▸ **Exercise data**
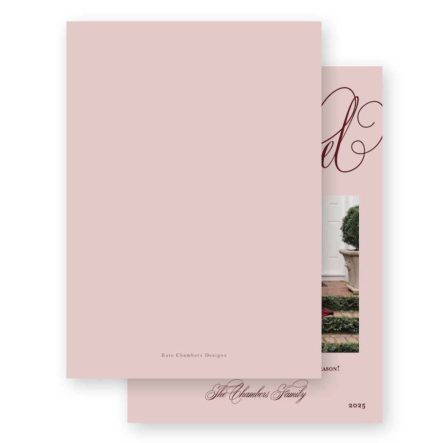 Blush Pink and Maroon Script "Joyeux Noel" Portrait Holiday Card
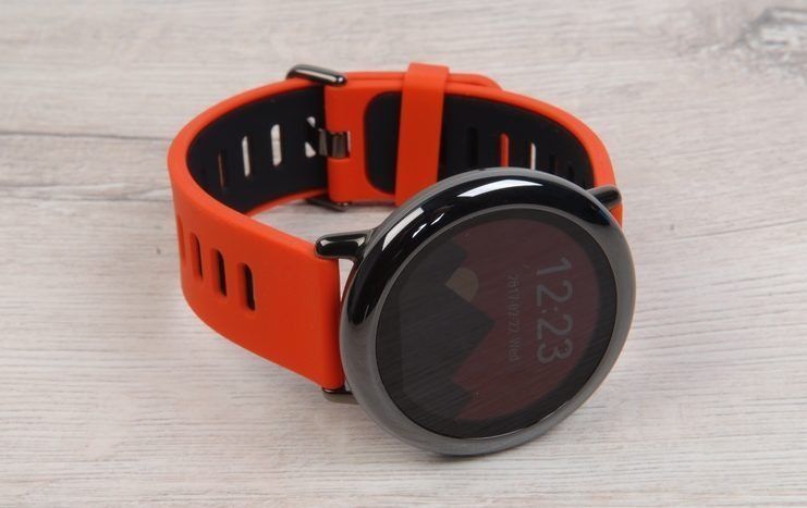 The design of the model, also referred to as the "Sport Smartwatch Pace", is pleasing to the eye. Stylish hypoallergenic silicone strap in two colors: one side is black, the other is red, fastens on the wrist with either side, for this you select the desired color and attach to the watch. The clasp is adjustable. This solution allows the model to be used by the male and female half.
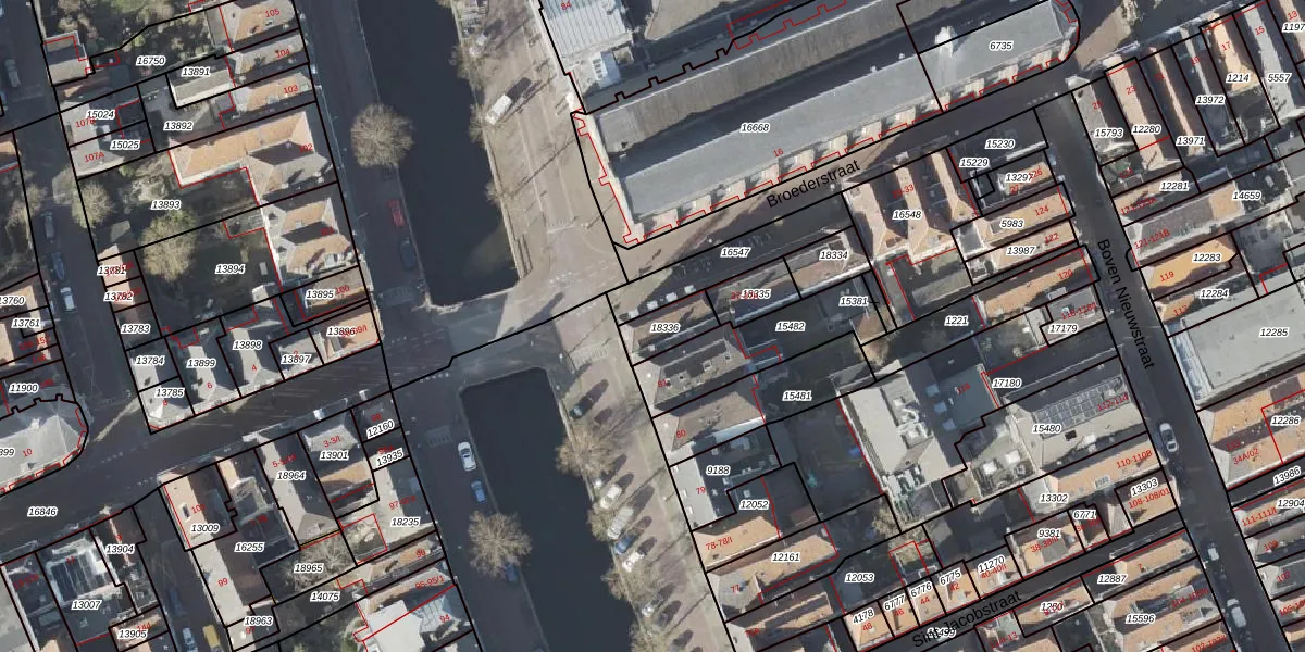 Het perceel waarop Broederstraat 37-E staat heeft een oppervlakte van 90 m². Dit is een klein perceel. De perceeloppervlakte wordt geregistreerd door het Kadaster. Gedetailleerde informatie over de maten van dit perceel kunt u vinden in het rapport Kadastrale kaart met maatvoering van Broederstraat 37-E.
* * *
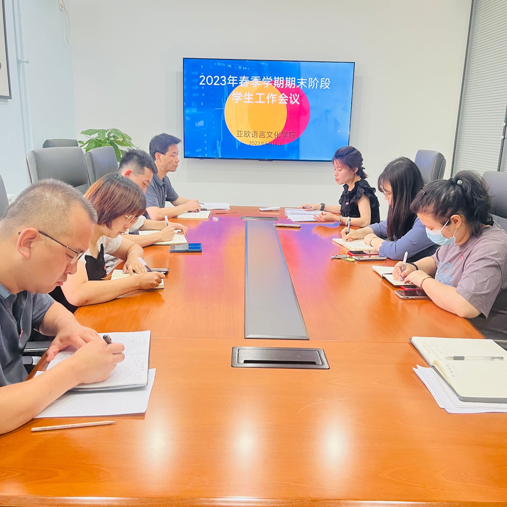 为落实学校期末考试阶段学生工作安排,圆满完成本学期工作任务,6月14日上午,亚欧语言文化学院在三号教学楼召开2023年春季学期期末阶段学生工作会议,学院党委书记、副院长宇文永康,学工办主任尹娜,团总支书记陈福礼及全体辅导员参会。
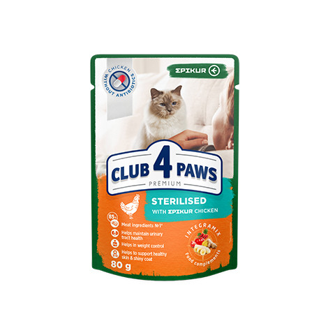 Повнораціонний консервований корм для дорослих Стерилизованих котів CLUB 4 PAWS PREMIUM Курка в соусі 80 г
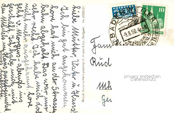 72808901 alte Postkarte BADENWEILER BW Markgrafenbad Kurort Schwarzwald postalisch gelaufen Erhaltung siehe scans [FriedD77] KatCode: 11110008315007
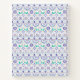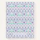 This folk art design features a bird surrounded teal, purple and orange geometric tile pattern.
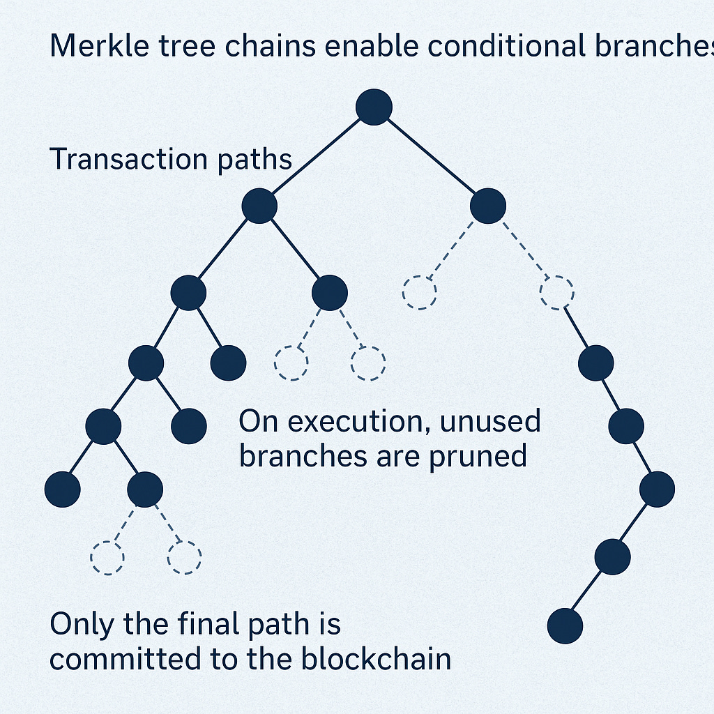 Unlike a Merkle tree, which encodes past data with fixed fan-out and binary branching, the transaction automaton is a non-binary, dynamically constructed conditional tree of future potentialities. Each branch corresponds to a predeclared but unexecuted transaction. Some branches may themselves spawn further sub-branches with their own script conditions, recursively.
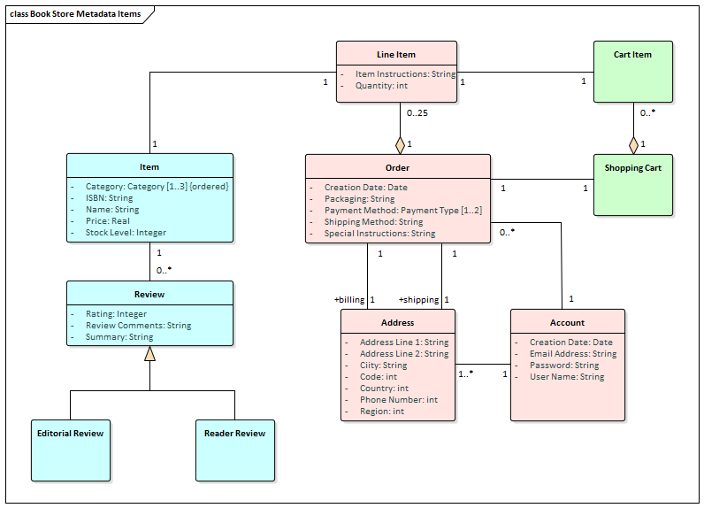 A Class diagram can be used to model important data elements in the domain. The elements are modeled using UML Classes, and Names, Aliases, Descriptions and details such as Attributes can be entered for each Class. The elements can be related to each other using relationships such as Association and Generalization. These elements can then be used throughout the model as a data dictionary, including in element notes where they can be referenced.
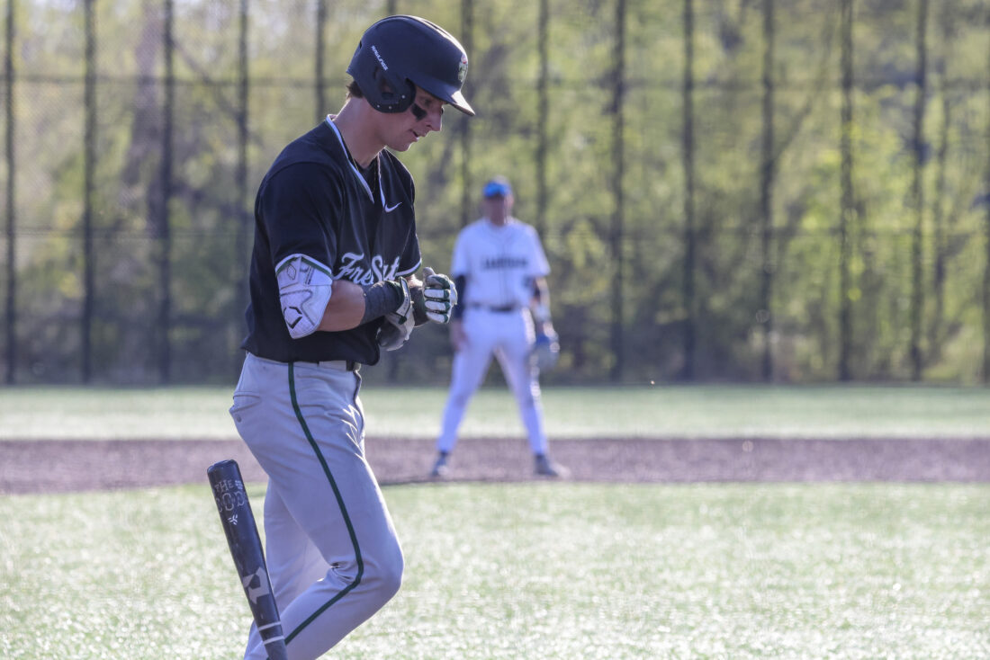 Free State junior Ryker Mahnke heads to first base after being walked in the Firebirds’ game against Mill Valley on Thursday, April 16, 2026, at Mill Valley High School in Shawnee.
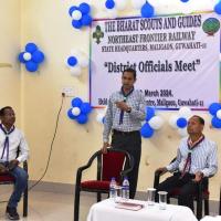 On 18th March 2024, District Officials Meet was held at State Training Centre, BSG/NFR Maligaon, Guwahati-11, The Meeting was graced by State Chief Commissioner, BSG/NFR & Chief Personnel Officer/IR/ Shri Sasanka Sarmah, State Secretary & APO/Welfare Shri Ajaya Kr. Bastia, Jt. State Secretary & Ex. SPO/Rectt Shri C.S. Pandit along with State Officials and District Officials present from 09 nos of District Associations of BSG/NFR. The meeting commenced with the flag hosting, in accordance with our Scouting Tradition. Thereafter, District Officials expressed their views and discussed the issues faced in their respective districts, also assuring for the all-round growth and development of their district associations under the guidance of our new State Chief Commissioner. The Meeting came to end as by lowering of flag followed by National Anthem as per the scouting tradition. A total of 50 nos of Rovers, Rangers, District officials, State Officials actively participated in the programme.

▸ **Problem requirements**
Repeat exactly the lines above, from the line that contains "The design of" down through the line that contains "Het perceel waarop". Include both of those lines and none of the pictures.

▸ **Exercise solution**
 The design of the model, also referred to as the "Sport Smartwatch Pace", is pleasing to the eye. Stylish hypoallergenic silicone strap in two colors: one side is black, the other is red, fastens on the wrist with either side, for this you select the desired color and attach to the watch. The clasp is adjustable. This solution allows the model to be used by the male and female half.
 Het perceel waarop Broederstraat 37-E staat heeft een oppervlakte van 90 m². Dit is een klein perceel. De perceeloppervlakte wordt geregistreerd door het Kadaster. Gedetailleerde informatie over de maten van dit perceel kunt u vinden in het rapport Kadastrale kaart met maatvoering van Broederstraat 37-E.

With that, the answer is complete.